If you want a substantive accounting of the man and his triumphs, we suggest you read those pieces. But here in the Crikey bunker, we’d rather offer a different account. One of Key’s bizarre habit of pulling ponytails.

You read that right. The lauded Kiwi prime minister repeatedly tugged on women’s hair, if it happened to be long hair gathered to one point and then allowed to fall in the arrangement commonly known as a ponytail.

The whole thing blew up in April last year when a waitress, in an anonymous account for a Kiwi blog, alleged the prime minister had, on at least six occasions in 2014, tugged on her hair while she served him:

“He would come up behind me when I was at the ordering terminal, tug on my hair and then pretend that his wife, Bronagh, had done it (much to her embarrassment), and she would tell him to stop it. As he rounded the corner behind me he commented ‘that’s a very tantalising ponytail’.”

The woman wrote that she objected to his “school yard bully” behaviour, but it didn’t stop. Instead, Key began to make “scary suspense sound effects, like from the movie Jaws” as he approached her to again yank her hair. Key, later being persuaded the waitress really didn’t like it, went on to present her with two bottles of his own JK wine by way of apology, saying he hadn’t realised the behaviour offended her.

The account swept like a hurricane throughout New Zealand. The woman was later revealed to be Amanda Bailey, a 26-year-old waitress.
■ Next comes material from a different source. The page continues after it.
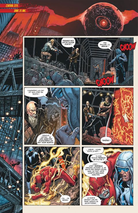 Trente-cinq ans dans le futur : le satellite l'oeil devenu indépendant a mis sous sa coupe la quasi-totalité des super-héros, modifiés en cyborgs implacables. Les derniers justiciers encore libres mènent une résistance désormais futile et succombent les uns après les autres. Le dernier espoir réside dans le jeune Terry McGinnis, le successeur de Bruce Wayne en tant que Batman, téléporté dans le passé pour empêcher l'émergence de cette menace. Mais ce dernier arrive cinq ans trop tard.

Key didn’t dispute the incident — a statement released in response said his actions were “intended to be lighthearted” and that he had apologised.
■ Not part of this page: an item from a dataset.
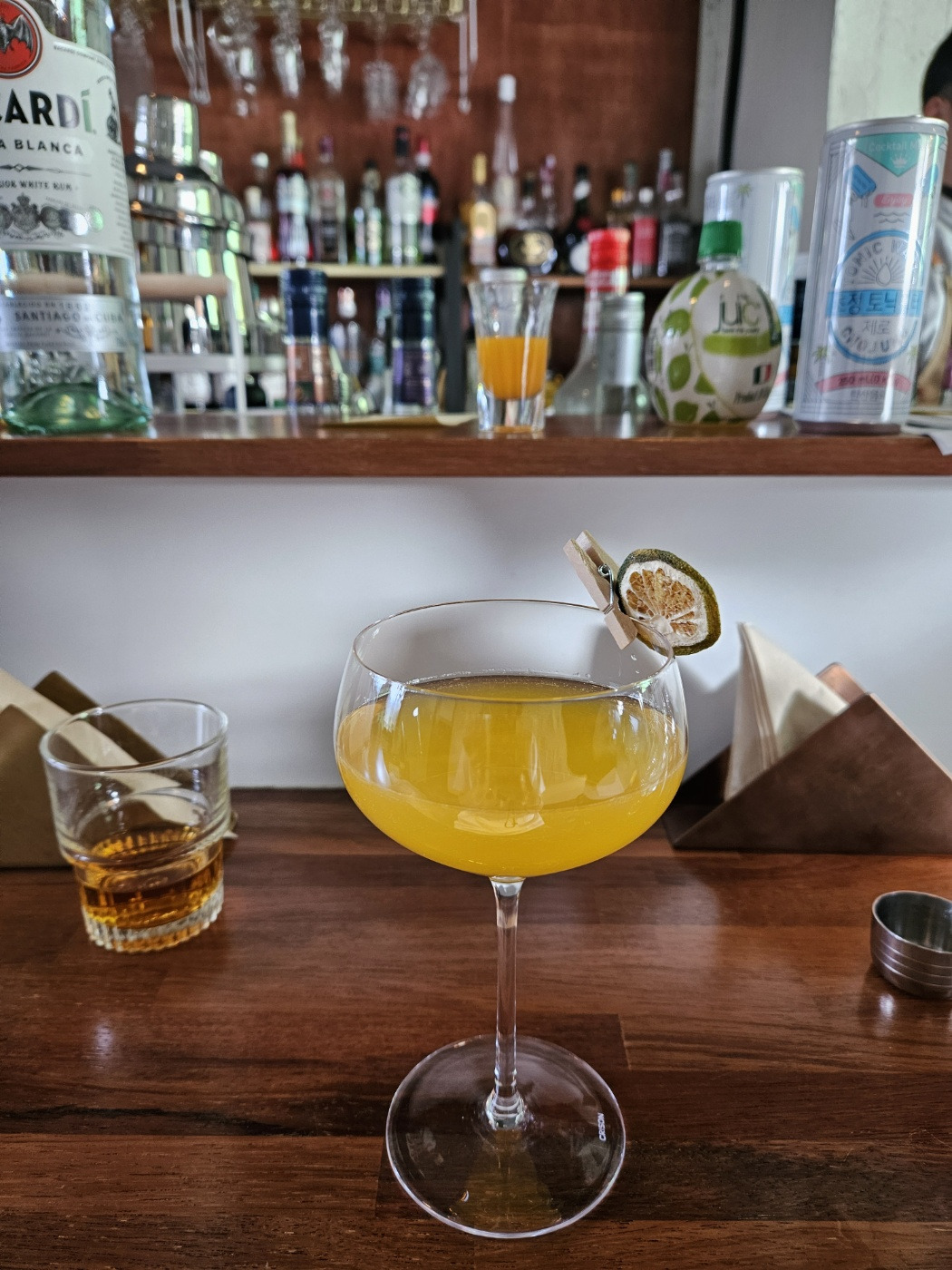 럼을 기주로 한 살굿빛 시트러스 향의 칵테일을 만들어보았다.

The incident was far from isolated — some of Key’s hair-pulling has been caught on TV cameras. At a school visit, Key was filmed pulling the braided pigtails of a young child, asking her, “the boys don’t pull it, do they?” (The boys didn’t, she responded, though clearly the prime minister did.) During another video from April 2014, of Key standing next to two young girls on the street near Key’s beach house in Omaha, a reporter knelt down and ask them if they knew who was standing next to them. “The prime minister,” one uttered, while a disembodied hand (presumably Key’s?) can be seen reaching for her hair.
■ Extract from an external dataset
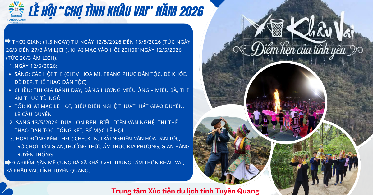 KẾ HOẠCH Tổ chức Lễ hội “Chợ tình Khâu Vai” năm 2026 Ngày đăng: Thứ 4, 8/4/2026 - 10:0 Lượt xem: 63 Lễ hội “Chợ tình Khâu Vai” năm 2026 là hoạt động văn hóa, du lịch, tạo điểm nhấn để giới thiệu, quảng bá hình ảnh địa phương, thu hút khách du lịch; tạo không gian văn hóa gắn kết cộng đồng, góp phần phát triển kinh tế - xã hội địa phương Bài viết liên quan Về Tuyên đi lễ đầu xuân Thứ 3, 7/4/2026 - 13:50 Đặc sắc Lễ rước Mẫu từ đền Ỷ La về đền Hạ năm 2026 Thứ 2, 30/3/2026 - 13:0 Chinh phục “Nóc nhà Đông Bắc” - Check in Hoa Đỗ Quyên Thứ 6, 13/3/2026 - 15:48

Later, Kiwi PR operative Mark Blackman told the New Zealand Herald that while watching the footage on TV, his daughter piped up that: “That’s what the Prime Minister did at Te Papa to my two friends”. She had visited the Te Papa national museum on a school trip in 2014.

“I guess she was a bit amazed, she was just intrigued that it had happened to her friends as well, she was surprised,” Blackham told the Herald. “I think it puts a bit more perspective on it … I don’t know if it’s affectionate or what it is, but it’s clearly a thing he does.”